[Data in this exercise — start]

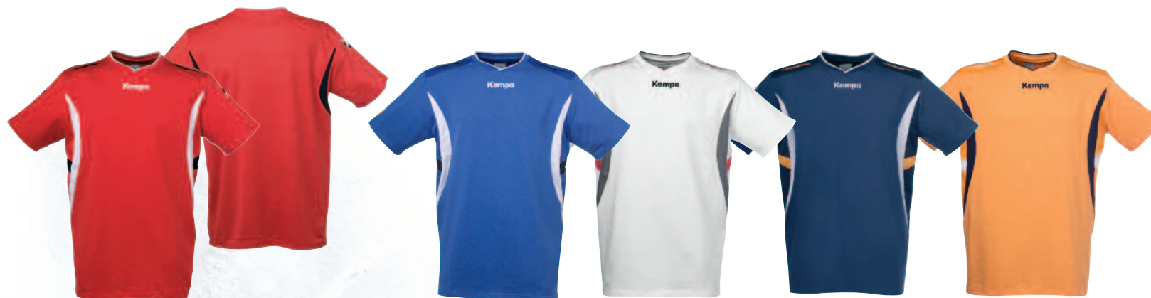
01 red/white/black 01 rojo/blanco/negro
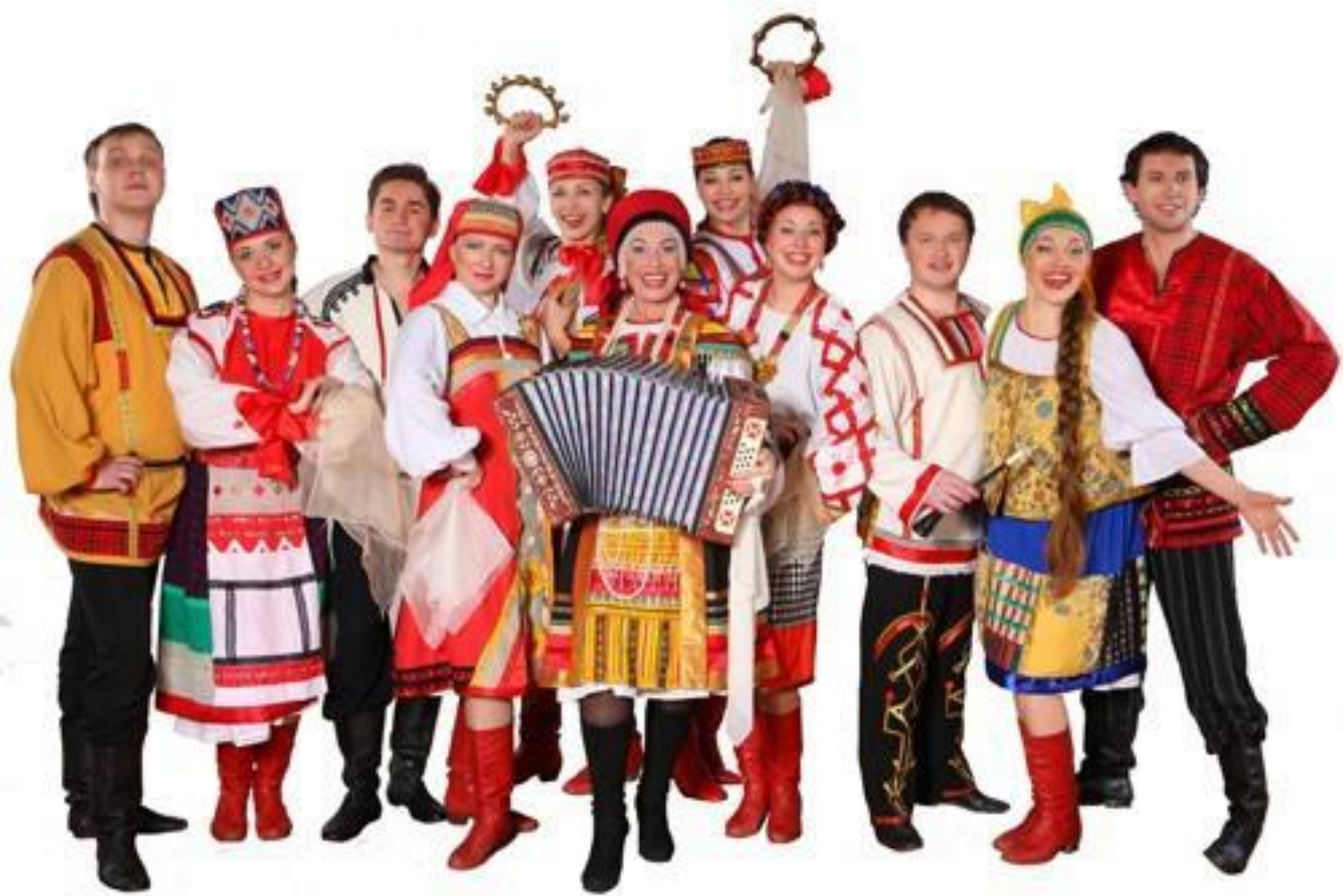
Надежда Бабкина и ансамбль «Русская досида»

[Data in this exercise — finish]
[Data in this exercise — start]

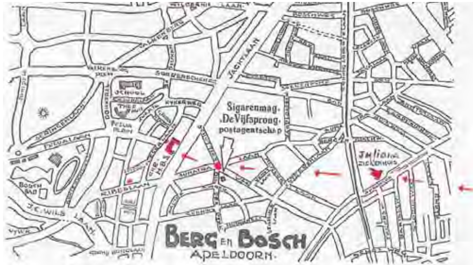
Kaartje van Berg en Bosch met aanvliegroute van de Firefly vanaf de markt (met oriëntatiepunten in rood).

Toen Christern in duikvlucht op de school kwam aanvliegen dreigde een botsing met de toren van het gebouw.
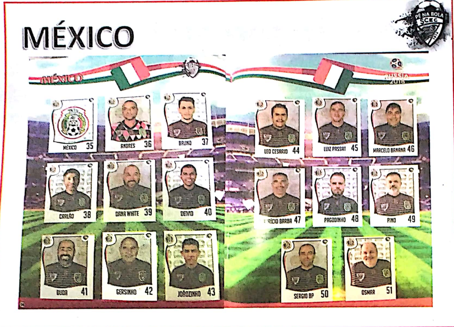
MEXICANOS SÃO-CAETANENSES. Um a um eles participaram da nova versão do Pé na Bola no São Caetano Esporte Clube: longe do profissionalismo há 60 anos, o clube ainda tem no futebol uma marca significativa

[Data in this exercise — finish]

▸ **About this exercise**
Once the line with "01 red/white/black 01 rojo/blanco/negro" has been found above, output that line and every later line exactly, stopping after the line with "Надежда Бабкина и", and omit the pictures.

▸ **Exercise answer**
01 red/white/black 01 rojo/blanco/negro
Надежда Бабкина и ансамбль «Русская досида»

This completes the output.